What to do:
In the listing below, find the line with "س: يوجد امرأة" and the line with "Figuur 2 toont". Repeat those two lines and all lines between them exactly.

Data:
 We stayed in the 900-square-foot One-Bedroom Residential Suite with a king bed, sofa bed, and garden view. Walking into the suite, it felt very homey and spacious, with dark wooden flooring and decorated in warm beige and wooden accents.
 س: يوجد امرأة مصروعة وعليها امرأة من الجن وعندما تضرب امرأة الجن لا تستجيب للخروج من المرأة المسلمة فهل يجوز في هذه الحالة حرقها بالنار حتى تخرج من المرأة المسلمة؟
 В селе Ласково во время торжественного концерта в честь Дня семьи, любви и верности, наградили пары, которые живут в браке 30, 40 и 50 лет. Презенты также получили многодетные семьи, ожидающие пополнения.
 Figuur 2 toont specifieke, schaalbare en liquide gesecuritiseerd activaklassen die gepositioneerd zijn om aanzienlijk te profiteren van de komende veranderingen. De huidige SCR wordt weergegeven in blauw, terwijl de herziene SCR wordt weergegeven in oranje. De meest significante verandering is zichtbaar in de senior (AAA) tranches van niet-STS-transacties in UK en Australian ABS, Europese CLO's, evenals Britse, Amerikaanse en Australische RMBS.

* * *

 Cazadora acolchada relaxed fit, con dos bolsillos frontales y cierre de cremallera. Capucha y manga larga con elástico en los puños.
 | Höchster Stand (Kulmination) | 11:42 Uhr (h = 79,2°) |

* * *

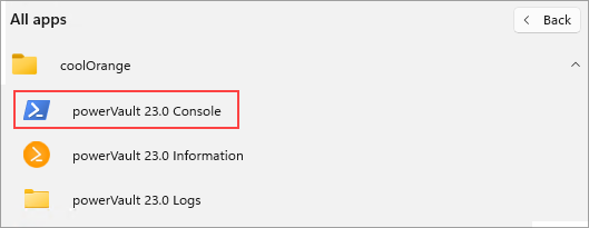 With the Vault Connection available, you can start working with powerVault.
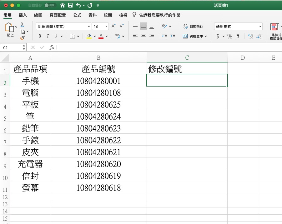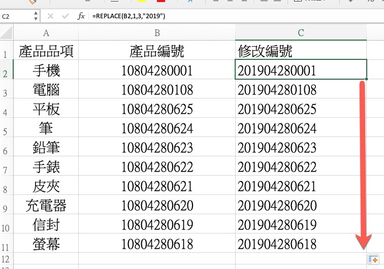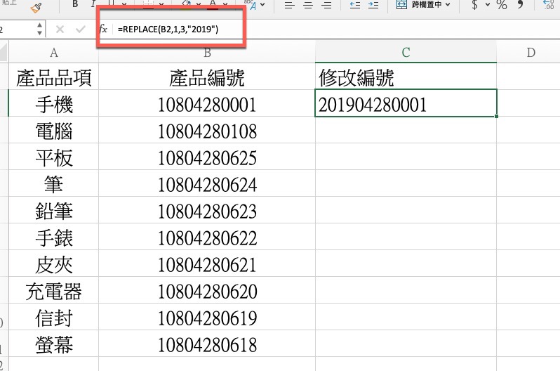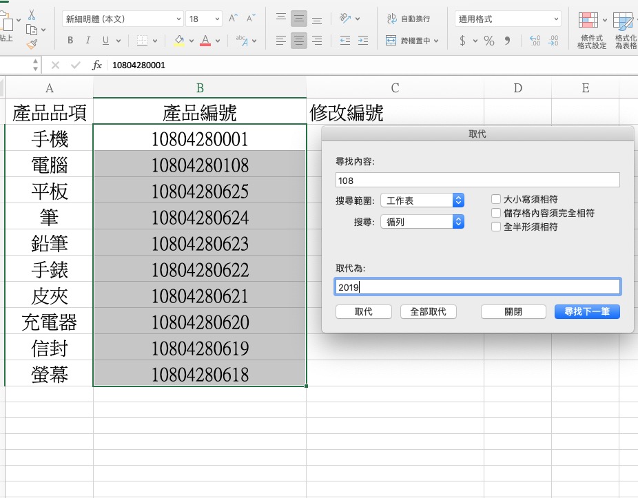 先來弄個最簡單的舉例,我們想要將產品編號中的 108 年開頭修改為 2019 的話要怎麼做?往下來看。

Answer:
 س: يوجد امرأة مصروعة وعليها امرأة من الجن وعندما تضرب امرأة الجن لا تستجيب للخروج من المرأة المسلمة فهل يجوز في هذه الحالة حرقها بالنار حتى تخرج من المرأة المسلمة؟
 В селе Ласково во время торжественного концерта в честь Дня семьи, любви и верности, наградили пары, которые живут в браке 30, 40 и 50 лет. Презенты также получили многодетные семьи, ожидающие пополнения.
 Figuur 2 toont specifieke, schaalbare en liquide gesecuritiseerd activaklassen die gepositioneerd zijn om aanzienlijk te profiteren van de komende veranderingen. De huidige SCR wordt weergegeven in blauw, terwijl de herziene SCR wordt weergegeven in oranje. De meest significante verandering is zichtbaar in de senior (AAA) tranches van niet-STS-transacties in UK en Australian ABS, Europese CLO's, evenals Britse, Amerikaanse en Australische RMBS.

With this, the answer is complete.